I wouldn’t call it a discord alternative. It is closer to fancy IRC/live forms.

Then again I don’t really use Discord

possiblylinux127@lemmy.zip on 29 Aug 05:09 collapse

Signal third party clients base off the Signal code base. They just add patches and remove certain dependencies. Also they are often more secure. You logic is from the Apple PR department.

ramenu@lemmy.ml on 29 Aug 13:24 collapse

Again, having third party clients would not definitively mean the client is bad. Obviously, if it’s a simple fork with hopefully small patches that are just UI changes, it’s probably not going to harm the security model.

I should have phrased this better in my original post. When I was thinking about third party clients, Matrix and XMPP immediately came to my mind. Not very simple forks. So I’ll phrase this better: “Having non-trivial third party clients is not good for security.” What non-trivial means is left to interpretation though, I suppose.

doctortran@lemm.ee on 29 Aug 03:02 next collapse

Having third party clients is not good for security.

If the first party provider told you this, you should always second guess them.

Moreover, providing an option that informed users can choose doesn’t hurt security. This idea the user can’t be trusted to use the appropriate type of messaging if provided options needs to die.

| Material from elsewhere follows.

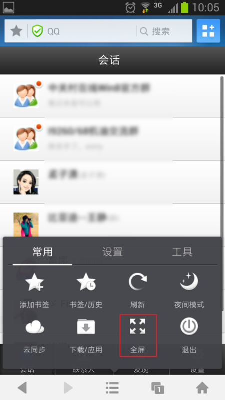 为了我们使用起来和手机版QQ无异,我们只需将网页“全屏”,就能感受到手机QQ那样的流畅。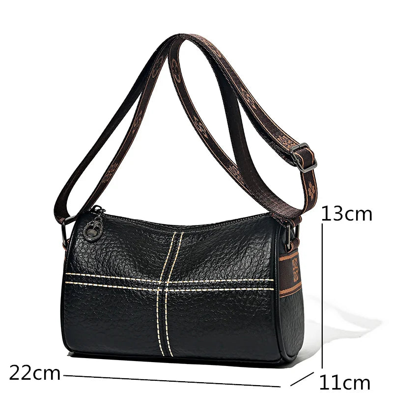 Soft Leather Women's Handbag Wide Strap Shoulder Bag Crossbody Tote

PlexSheep@infosec.pub on 29 Aug 19:29 collapse

Why do you think so? I see it as a strength in diversity and a great driving force for a proper server api

KLISHDFSDF@lemmy.ml on 29 Aug 01:26 next collapse

That’s outdated information:

Go forth and contribute, fork, or create your own.

They also refuse to distance themselves from Google’s app store.

This link has existed forever at this point if we count in internet years: signal.org/android/apk/ - getting an app directly from the developer with no middleman is about as distant as you can get from Google’s app store.

possiblylinux127@lemmy.zip on 29 Aug 05:05 next collapse

I wish they had Signal on F-droid but at the end of the day at least it is possible to use Molly Foss.

istanbullu@lemmy.ml on 29 Aug 06:51 next collapse

Those clients exist despite Signal Foundation, not because they encourage community development. They are doing everything they can to discourage third party app development.

KLISHDFSDF@lemmy.ml on 29 Aug 07:03 collapse

They are doing everything they can to discourage third party app development.

I’d say you’re moving the goalpost. Other than the hostility the founder showed towards LibreSignal nearly 10 years ago now, can you source any evidence to support your claim?

istanbullu@lemmy.ml on 29 Aug 08:31 collapse

Lots of red flags here in Github: github.com/signalapp/Signal-Android/issues/9044

KLISHDFSDF@lemmy.ml on 29 Aug 08:34 collapse

That link, and I could be missing it, has nothing to do with what I claimed. Mind editing your post and quoting a red flag linked at the source you provided?

istanbullu@lemmy.ml on 29 Aug 08:46 collapse

Some of my favourite red flags:

Signal’s dependence on Google libraries: github.com/signalapp/Signal-Android/issues/9044#i…

Signal dev bullshitting a non-answer and then hilariously refuting his non-answer: github.com/signalapp/Signal-Android/issues/9044#i…

Signal hiding its serverside source code for many months: github.com/signalapp/Signal-Android/issues/11101

You can find many more examples.

The last one about server side code, together with Signal’s funding sources and their obsession with phone numbers code leads me to suspect that Signal is just a honeypot by US intelligence.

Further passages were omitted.